**EXERCISE DIRECTIONS**
The whole listing below should be retyped exactly, without any images.

**SUPPLIED MATERIAL**
»»
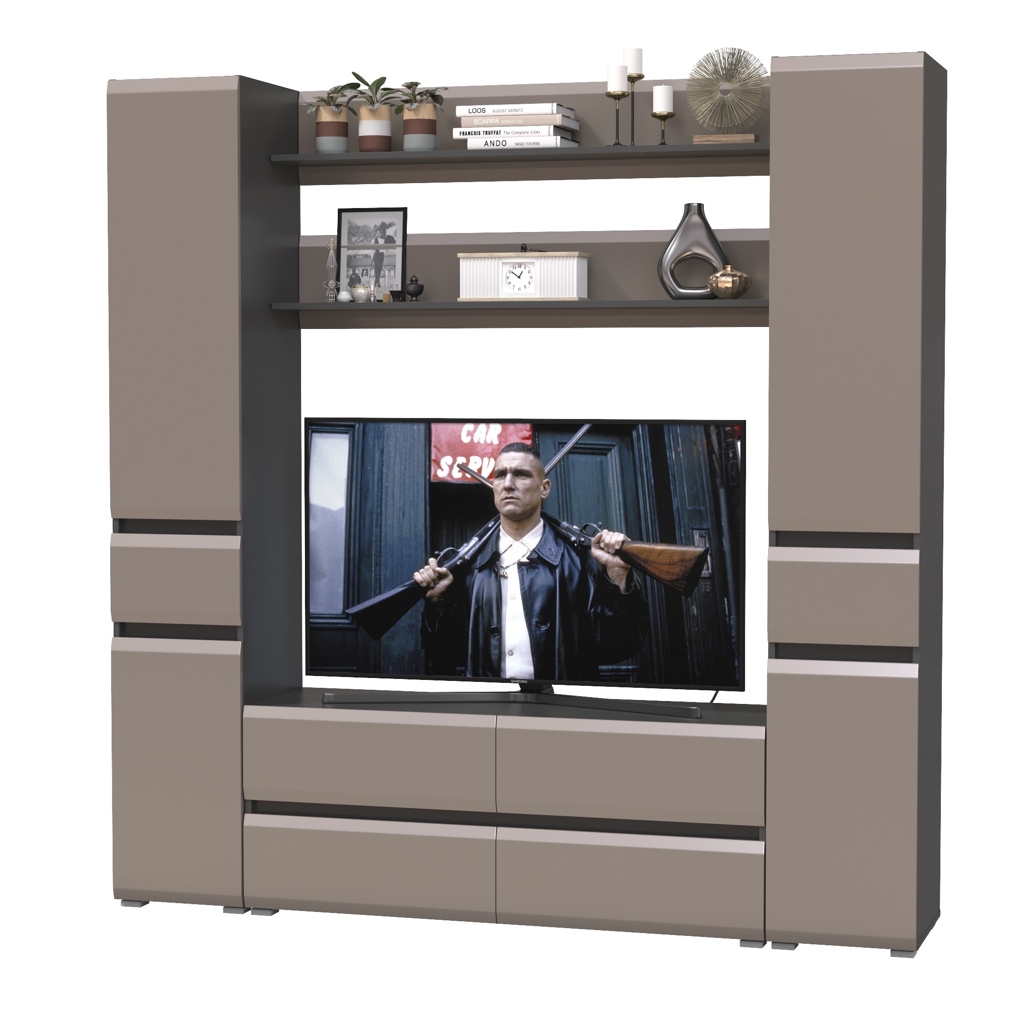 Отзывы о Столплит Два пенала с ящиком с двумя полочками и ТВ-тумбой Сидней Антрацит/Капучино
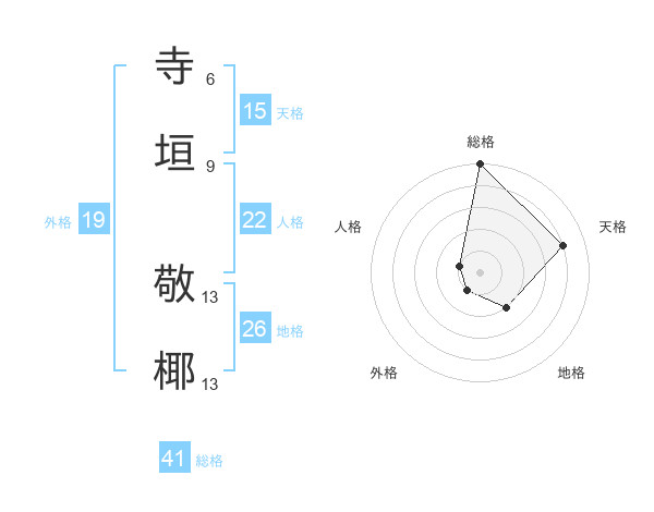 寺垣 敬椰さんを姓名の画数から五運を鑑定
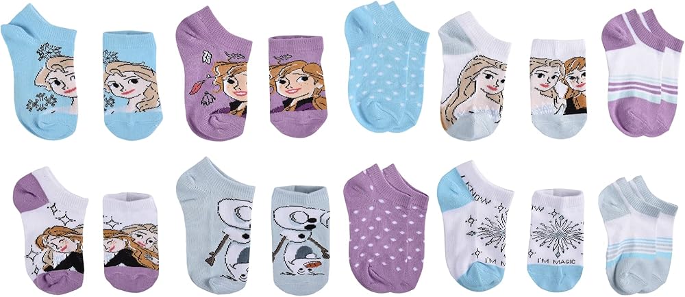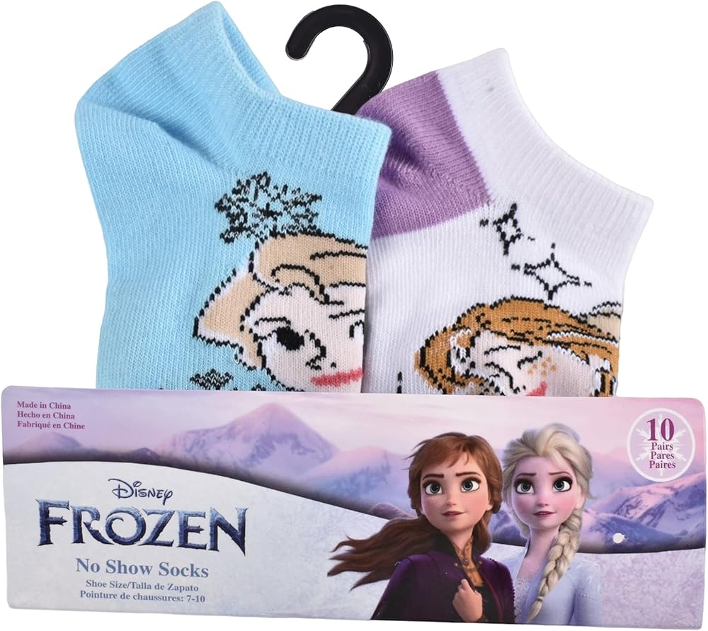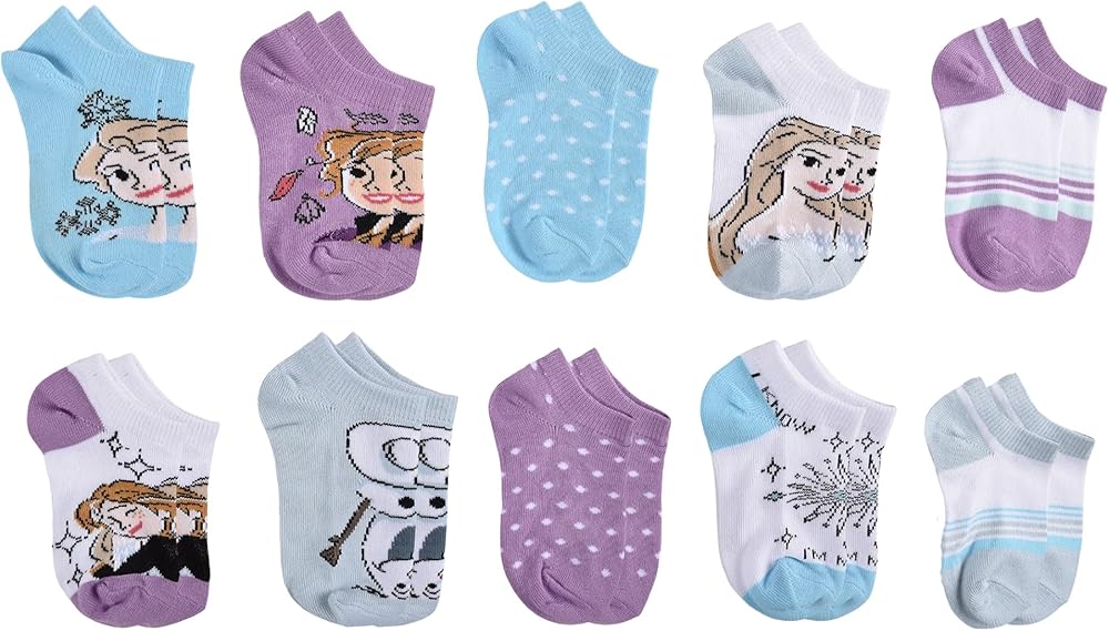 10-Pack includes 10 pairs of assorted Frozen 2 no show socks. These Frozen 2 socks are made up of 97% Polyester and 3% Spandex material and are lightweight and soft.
««
**PROBLEM SOLUTION**
 Отзывы о Столплит Два пенала с ящиком с двумя полочками и ТВ-тумбой Сидней Антрацит/Капучино
 寺垣 敬椰さんを姓名の画数から五運を鑑定
 10-Pack includes 10 pairs of assorted Frozen 2 no show socks. These Frozen 2 socks are made up of 97% Polyester and 3% Spandex material and are lightweight and soft.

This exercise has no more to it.